Instructions to follow
The entries below must be retyped exactly. Pictures are to be omitted.

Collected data
::::::
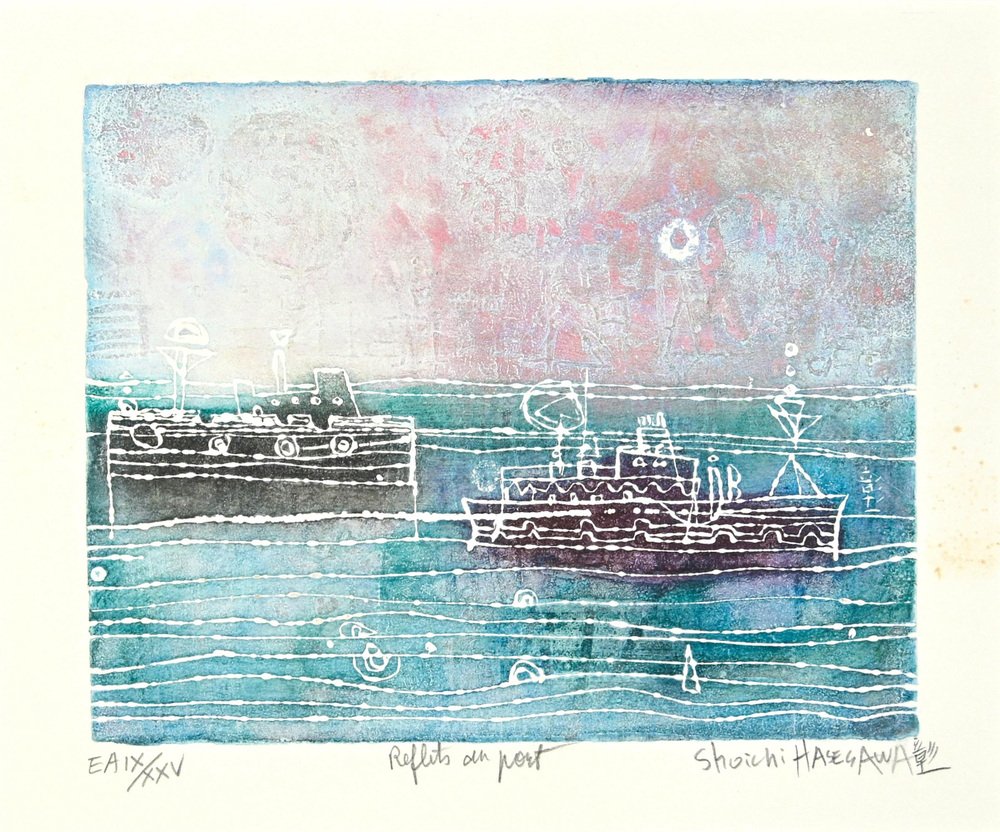 Shoici Hasegawa, Reflets au Port, Etching, 1970s
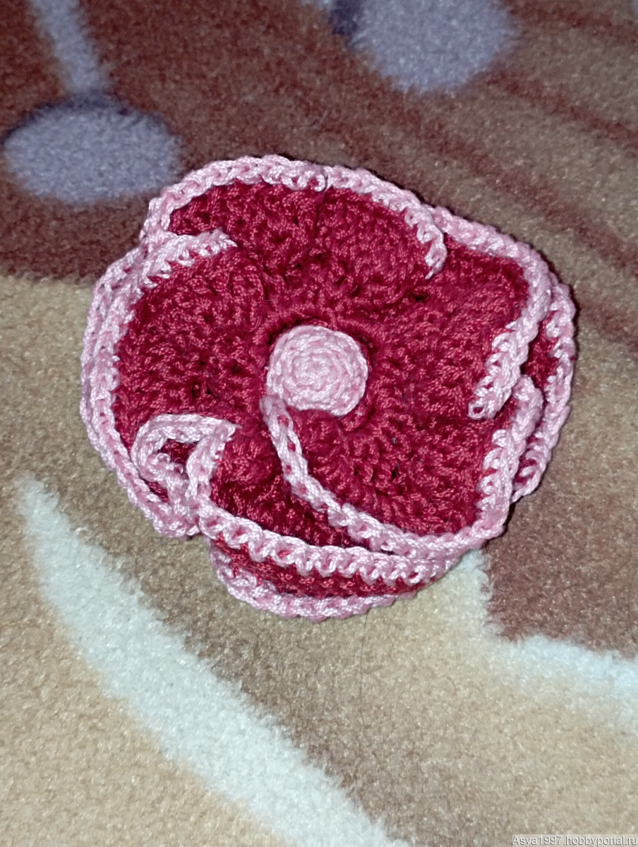 Вязанный цветок. Может быть заколкой, брошкой для шарфа.
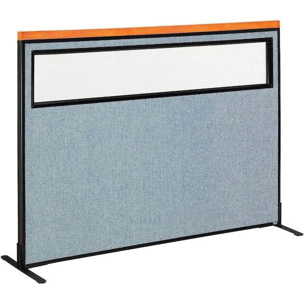 Interion Deluxe Freestanding Office Partition Panel w/Partial Window 60-1/4"W x 43-1/2"H Blue
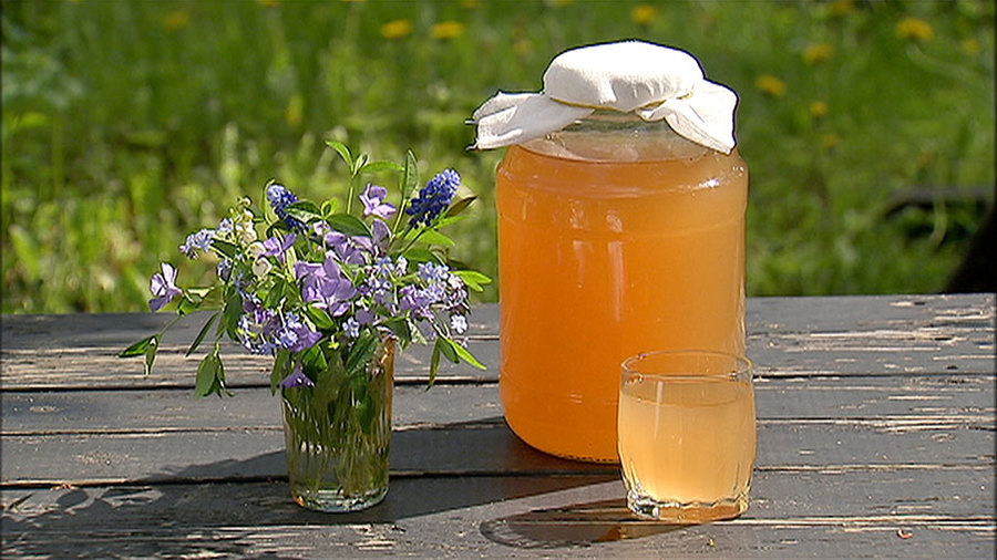 Берём веточки смородины, груши, клёна и вишни. Нарезаем кусочками по 10 см, кипятим 20 минут и процеживаем. В остывший отвар добавляем 5 столовых ложек сахара и 5 г дрожжей. Тщательно перемешиваем, переливаем квас в трёхлитровую банку, накрываем её марлей и отправляем на 3 дня в тёплое место.
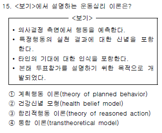 - 건강신념이론 : 질병의 인식과 신체활동이 질병의 위험을 감소시킬 것으로 생각할 때 운동에 대한 의지가 나타난다는 이론
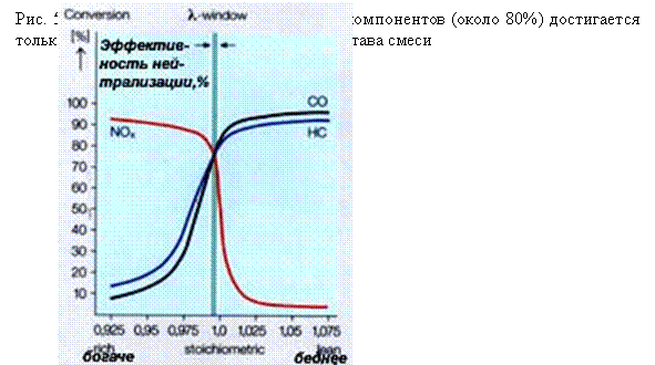 Трехкомпонентный нейтрализатор наиболее эффективен при определенном составе отработавших газов (рис.5). Это значит, что нужно очень точно выдерживать состав горючей смеси возле так называемого стехиометрического отношения воздух/топливо, значение которого лежит в узких пределах 14,5 — 14,7. Если горючая смесь будет богаче, то упадет эффективность нейтрализации СО и СН, если беднее — NOX.
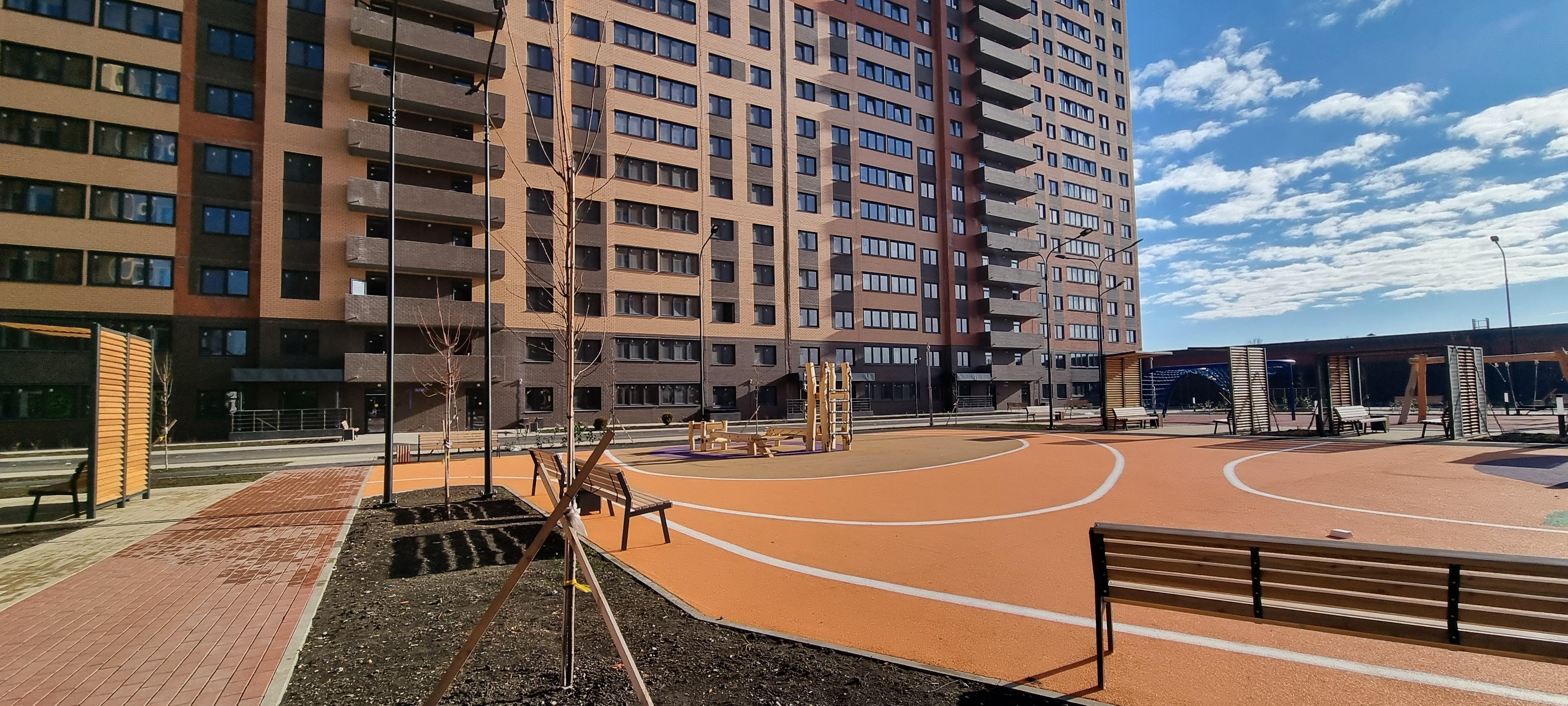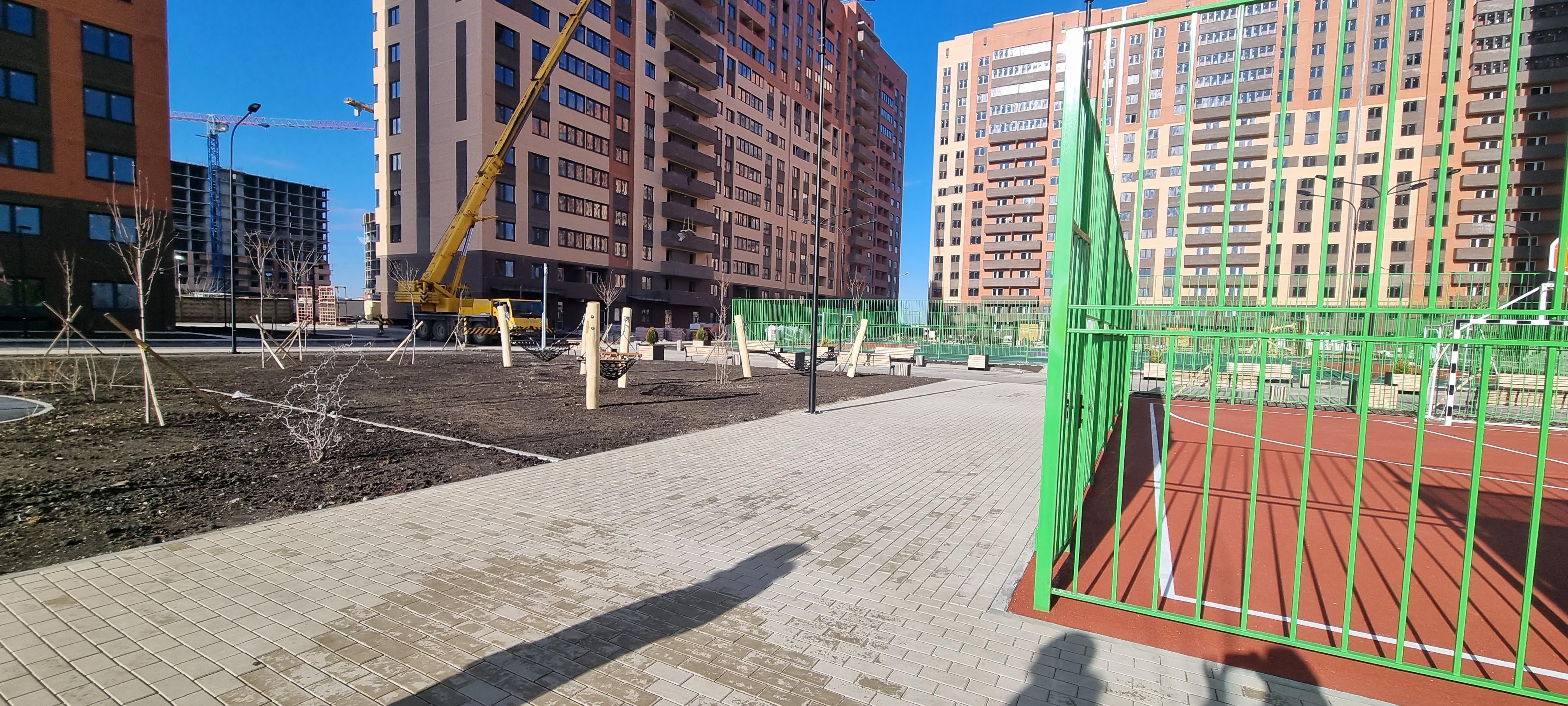 Район перспективный. Экологически чистый. Зоны озеленения, ландштафный дизайн, придомовая территория облагорожена. Много живой зелени, хвойные и лиственные деревья, зеленые газоны, цветы и ягоды, черная и красная смородина рядом с каждым подъездом.
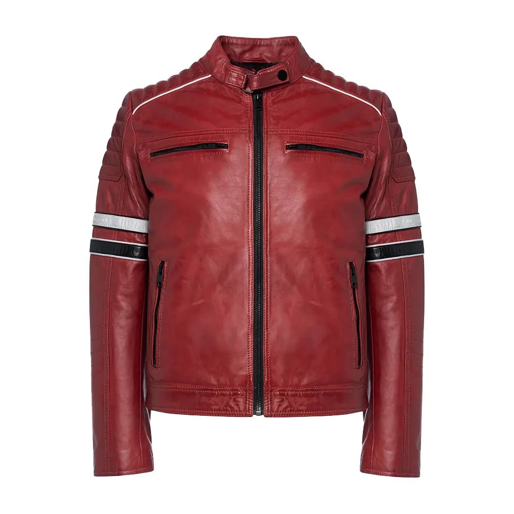 Men’s Quilted Red Leather Racing Jacket
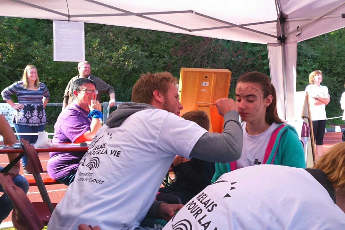 Les élèves de 6e année de la section « animation » et leurs professeurs tenaient un stand à cette occasion, et y animaient des jeux pour enfants ainsi que des grimages pour enfants, dans le même but: récolter de l’argent pour la Fondation contre le cancer. Ils ont été à la hauteur de l’événement et ont assuré comme des professionnels. Bravo à eux!
::::::
Solution
 Shoici Hasegawa, Reflets au Port, Etching, 1970s
 Вязанный цветок. Может быть заколкой, брошкой для шарфа.
 Interion Deluxe Freestanding Office Partition Panel w/Partial Window 60-1/4"W x 43-1/2"H Blue
 Берём веточки смородины, груши, клёна и вишни. Нарезаем кусочками по 10 см, кипятим 20 минут и процеживаем. В остывший отвар добавляем 5 столовых ложек сахара и 5 г дрожжей. Тщательно перемешиваем, переливаем квас в трёхлитровую банку, накрываем её марлей и отправляем на 3 дня в тёплое место.
 - 건강신념이론 : 질병의 인식과 신체활동이 질병의 위험을 감소시킬 것으로 생각할 때 운동에 대한 의지가 나타난다는 이론
 Трехкомпонентный нейтрализатор наиболее эффективен при определенном составе отработавших газов (рис.5). Это значит, что нужно очень точно выдерживать состав горючей смеси возле так называемого стехиометрического отношения воздух/топливо, значение которого лежит в узких пределах 14,5 — 14,7. Если горючая смесь будет богаче, то упадет эффективность нейтрализации СО и СН, если беднее — NOX.
 Район перспективный. Экологически чистый. Зоны озеленения, ландштафный дизайн, придомовая территория облагорожена. Много живой зелени, хвойные и лиственные деревья, зеленые газоны, цветы и ягоды, черная и красная смородина рядом с каждым подъездом.
 Men’s Quilted Red Leather Racing Jacket
 Les élèves de 6e année de la section « animation » et leurs professeurs tenaient un stand à cette occasion, et y animaient des jeux pour enfants ainsi que des grimages pour enfants, dans le même but: récolter de l’argent pour la Fondation contre le cancer. Ils ont été à la hauteur de l’événement et ont assuré comme des professionnels. Bravo à eux!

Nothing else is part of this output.